This article includes the following sections:
 Create a "Measure & Verification Project" (MVP)
 Generate my baseline based on a formula
 Generate my baseline based on "reference period"
 Example of baseline calculation using Minitab
1. Create a "Measure & Verification Project" (MVP)
"Measure & Verification Projects" functionality allows to validate and verify the savings obtained from an Energy Efficiency Improvement (EEI).
Let's see how to create a new Measure & Verification project in a few steps:
 First of all, we create a new project clicking on "New Project"
 In the next step we have to specify the general information about the project:
 Name: Distinctive name of the project. For example, "Savings Verifications Project by LED's"
 Demonstrative period of savings: date range where the savings are implemented.
 Type: type of project. The projects can be Energy Management, lighting, heating, cooling, etc.
 Energy source: we select the type of energy of our project (electricity, gas, water, diesel, etc.)
 Frequency: we select the frequency of our baseline. If we have hourly data, the frequency must be "hourly". If we can only generate our baseline monthly, we select "monthly" as frequency.
 Meter or group: we select through which meter or group is going to be applied the Measure & Verification project.
 In the next step, we should define the theoretical consumption or baseline.

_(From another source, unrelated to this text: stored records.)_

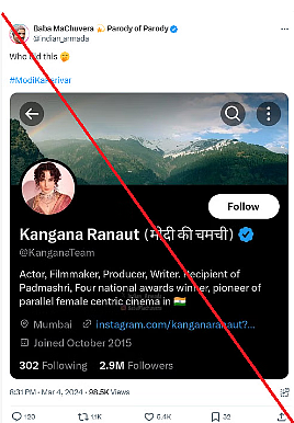 इसी तरह बॉलीवुड एक्ट्रेस कंगना रनौत के X हैंडल का एक स्क्रीनशॉट सोशल मीडिया प्लेटफॉर्म पर वायरल हो रहा है, जिसमें उनके नाम के आगे "मोदी की चमची" लिखा हुआ दिखाया गया है.
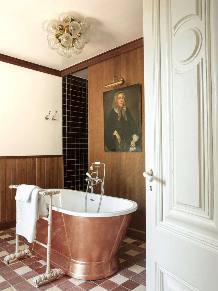 Above: A copper tub in the Valentina suite. The historic portrait, Pol says, is emblematic of the whole design: “the idea was to pay tribute to the women who made our society but have never been recognized.”
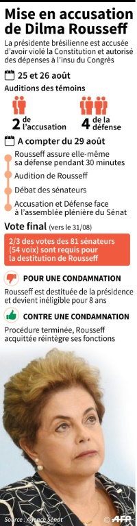 La présidente du Brésil Dilma Rousseff comparaît lundi au Sénat pour se défendre personnellement dans son procès en destitution, une ultime intervention avant sa probable éviction, point final à 13 ans de règne de la gauche dans le plus grand pays d'Amérique latine.
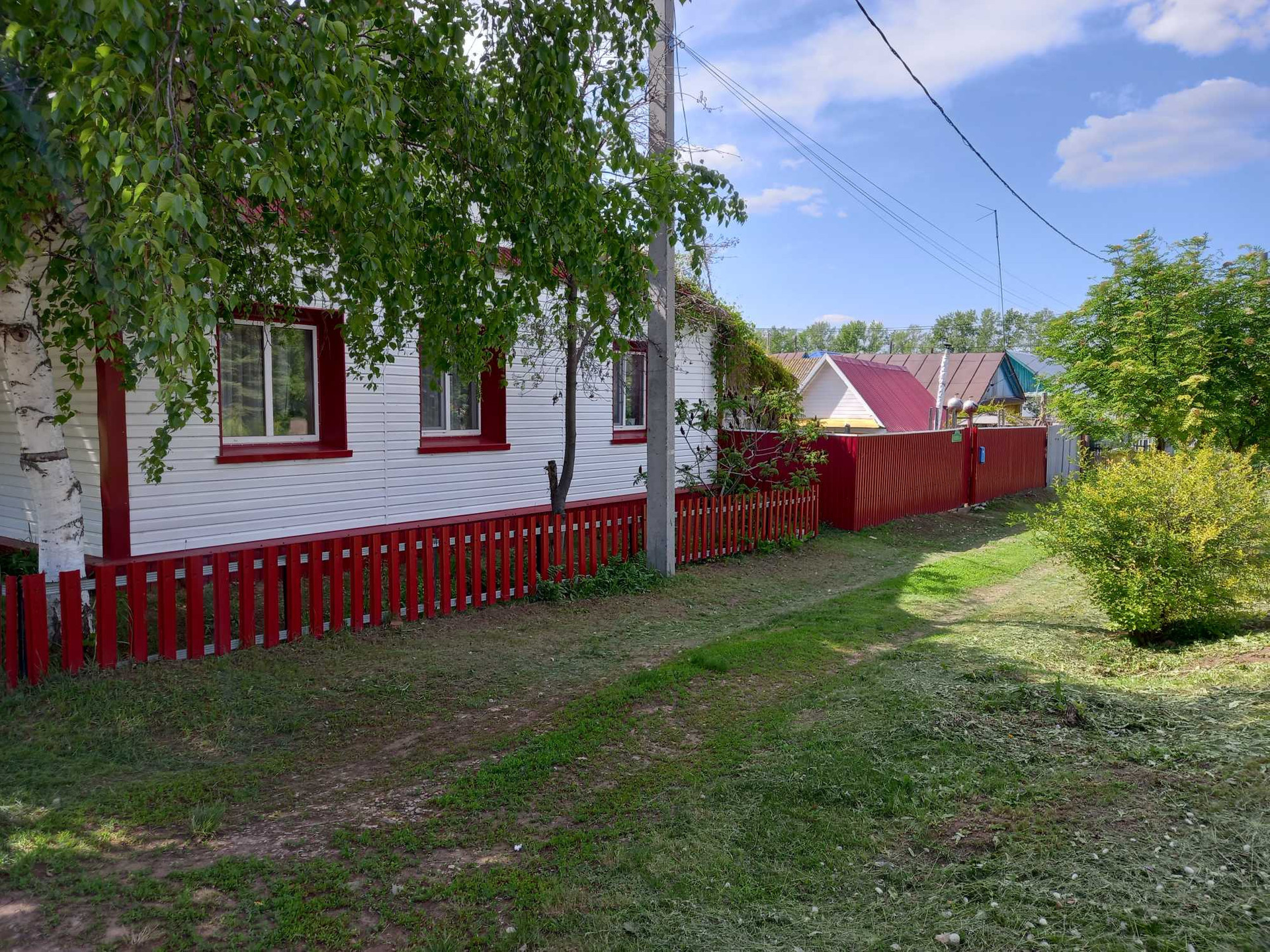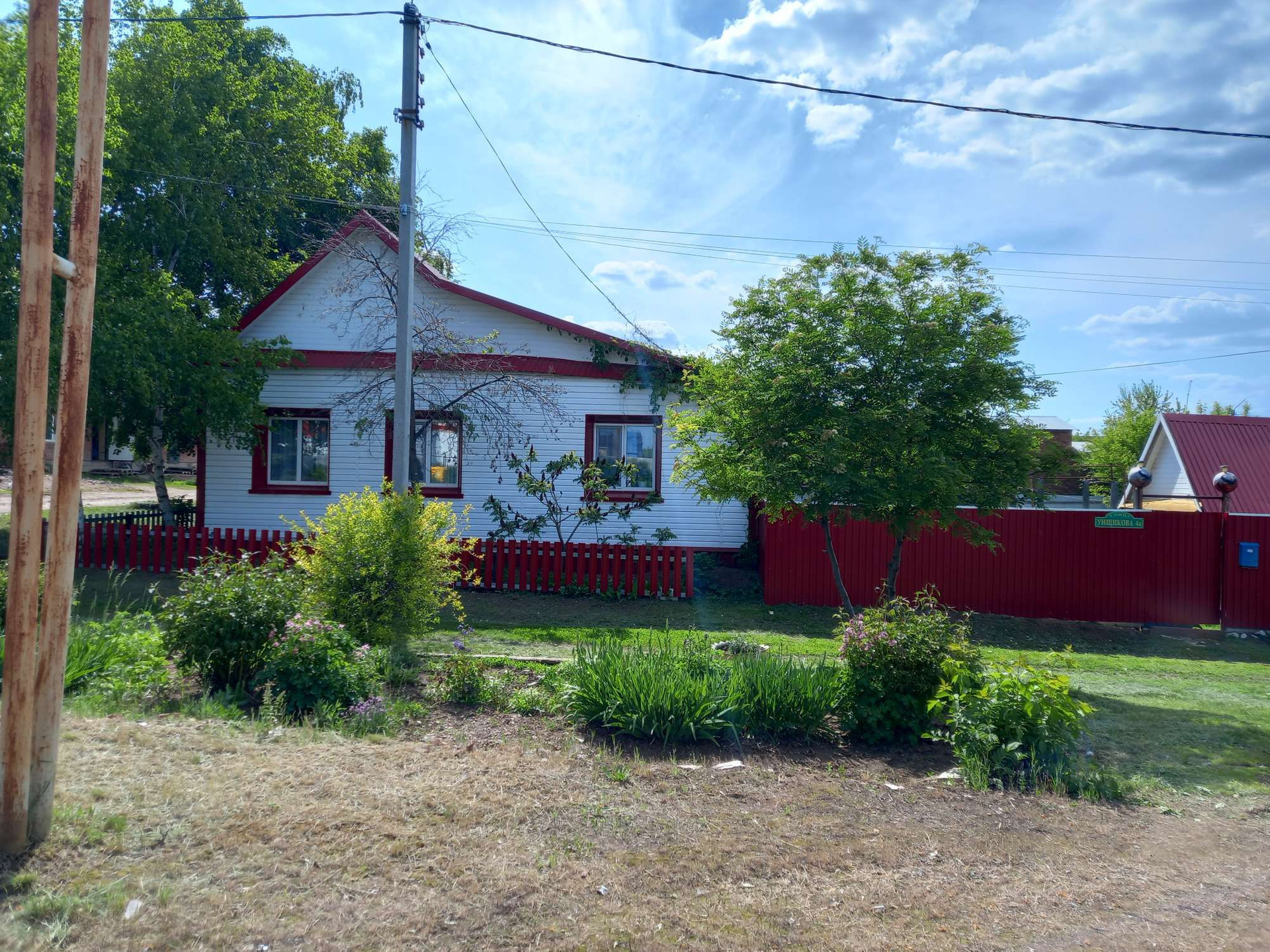 Дом находится в центре села, рядом вся инфраструктура, а именно: школа, библиотека, все виды магазинов, аптеки, детский сад. Больница в 15 минутах ходьбы. Дом деревянный обложен кирпичем и обшит сайдингом. Окна пластиковые, в доме есть туалет, вода из собственной скважины, так же есть гараж на одну машину и баня на газу.

 Theoretical consumption calculation: the system allows different options in order to get the theoretical consumption. These are: (click to obtain more information):
 By mathematical formula
 By temporal ranks
 Nonroutinary adjustments: in this section, we can add all the particular adjustments produced during all the project, such as setpoint temperature changes, the extension of the facilities, timetable modifications etc. Adjustments could be constant values or a formula based on some variables (degree days, occupancy, etc). The value of this consumption as an adjustment is aggregated to the energy calculate as a theoretical consumption.
 In order to finalise the project, we introduce the energetic/economic saving goal in a percentage or absolute value
 We save and now we have our project ready to verify our savings!

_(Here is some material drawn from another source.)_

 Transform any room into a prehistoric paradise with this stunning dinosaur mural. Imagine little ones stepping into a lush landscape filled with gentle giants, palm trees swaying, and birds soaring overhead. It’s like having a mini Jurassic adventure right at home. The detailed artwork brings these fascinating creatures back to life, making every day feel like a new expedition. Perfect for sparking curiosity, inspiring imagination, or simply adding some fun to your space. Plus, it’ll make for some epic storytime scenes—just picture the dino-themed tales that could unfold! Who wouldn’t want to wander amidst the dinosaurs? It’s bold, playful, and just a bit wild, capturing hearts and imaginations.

 If we open the project, several charts will display:
The first graph gives an overview of the project by comparing actual consumption with the baseline formula. The display will adopt different colours:
 Green: The results will be shown in green in the periods where there have been savings.
 Red: The results will be shown in red in the periods where there have been losses or no savings have occurred.

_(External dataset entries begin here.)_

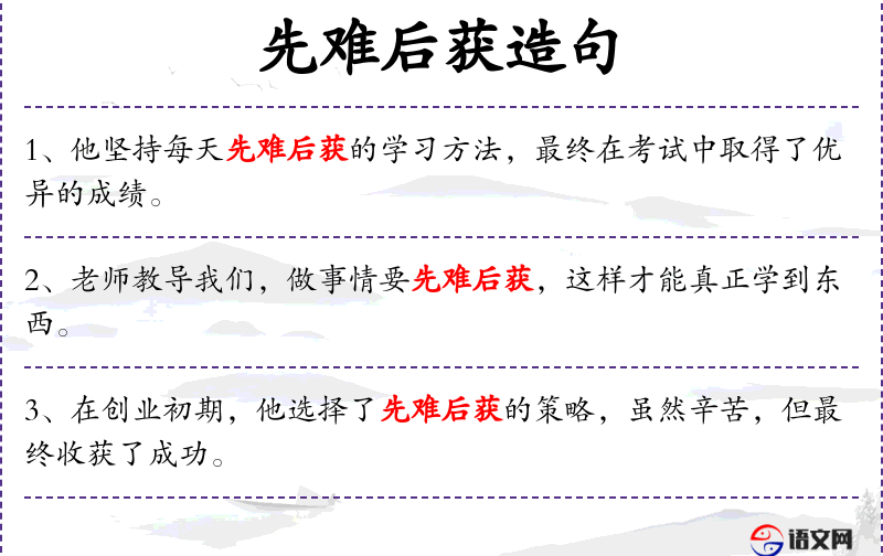 - 先难后获:成语,意思是先经历困难,然后获得成功或收获。
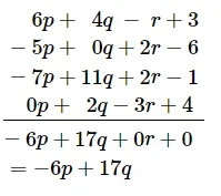 6p + 4q − r + 3, 2r − 5p − 6, 11q − 7p + 2r − 1 and 2q − 3r + 4
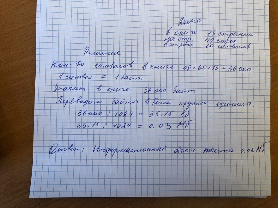 Пусть небольшая книжка, сделанная с помощью компьютера, содержит 15 страниц; на каждой странице — 40 строк, в каждой строке — 60 символов. Сколько информации она содержит?
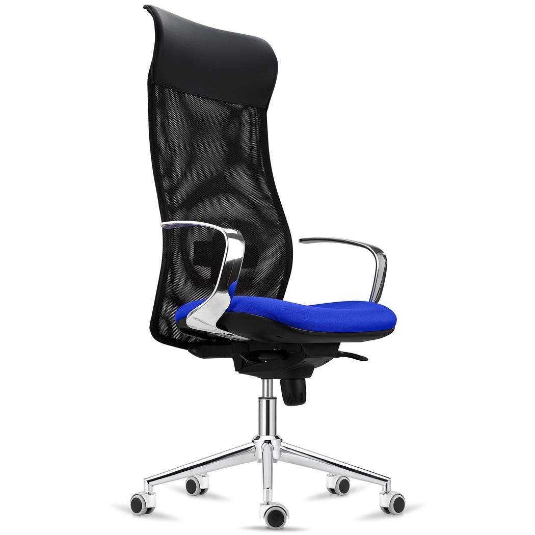 Ergonomischer Stuhl YEDA, hohe Rückenlehne, modernes Design, 8h-Nutzung, Netzbezug, Farbe Blau
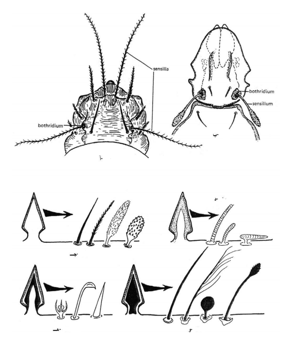 إضافة لما سبق فان الشعيرات الحسية قد تتخذ أشكال كثيرة منها: بسيطة Simple (الشكل 13-أ)، شعري متفرع Pilose (الشكل 13-ب)، ريشي Plumose (الشكل 13-ج)، رأسية Capitate (الشكل 13-د)، ورقية Spatulate (الشكل 13-هـ)، قلبية Chordate (الشكل 13-و)، راحية Palmate (الشكل 13-ز)، حجرية Chambered (الشكل 13-ح)، شوكية Furcat (الشكل 13-ط)، صولجانية Clubed (الشكل 13-ي)، مسننة Dentate (الشكل 13-ك).
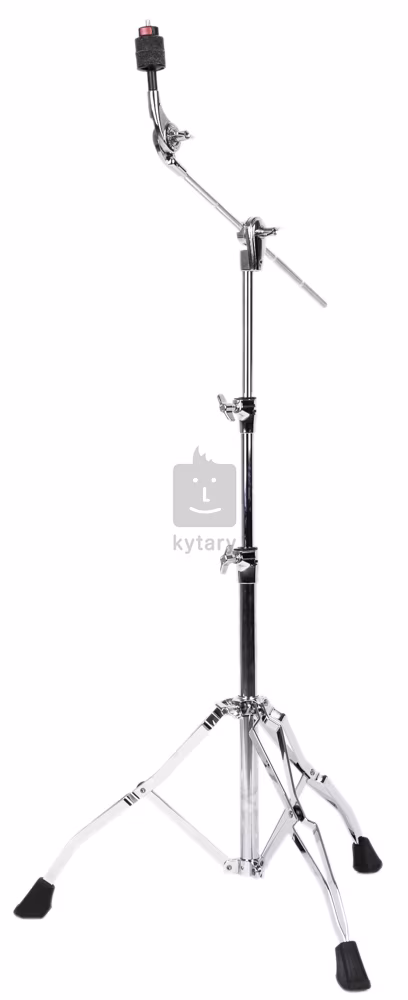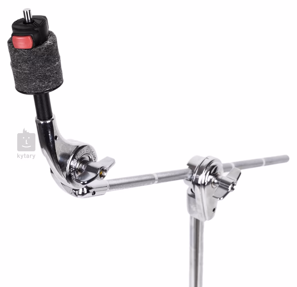 Činelový stojan s šibenicí je osazený dvěma zpevněnými klouby pro individuální nastavení, rychloupínacími maticemi a oboustranně použitelným držákem, který současně chrání střed činelu před poškozením. Zasunutím horního ramene do stojací trubice stojan jednoduše předěláte na rovný. Délka ramene je 40 cm. Stabilitu a minimální obsazení prostoru v rámci celé bicí sestavy zaručuje nová konstrukce dvojitých noh.
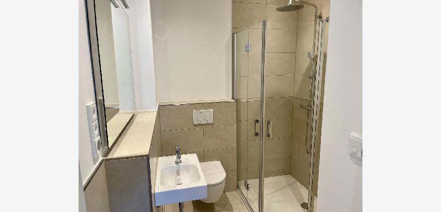- Hochwertige Bäder mit Feinsteinfliesen, beleuchteten Spiegeln, Downlights und Internet Badradio

 Orange: The results will be shown in orange in the periods in which the value is within the uncertainty caused by the error of the form of calculation of the theoretical consumption.
 Grey: The results will be shown in grey in the periods where there is consumption data available but some data is missing in the baseline formula. For example, if degreedays have been included as a parameter in the baseline formula but there is temperature data missing, the consumption data will be shown in grey.
 No results: No results will be shown if there is a lack of consumption data.
By moving the cursor over the graph, we can obtain the detail of the reference consumption, actual consumption and savings at any point on the graph. By selecting a given period from the graph, we can zoom in and see the detail of that period.
Below the general graph, we can see the accumulated consumption and savings graphs, which we can select respectively with the Consumption (kWh) and Savings (%) buttons. Moving the cursor over the graph also shows different information for each point of the graph.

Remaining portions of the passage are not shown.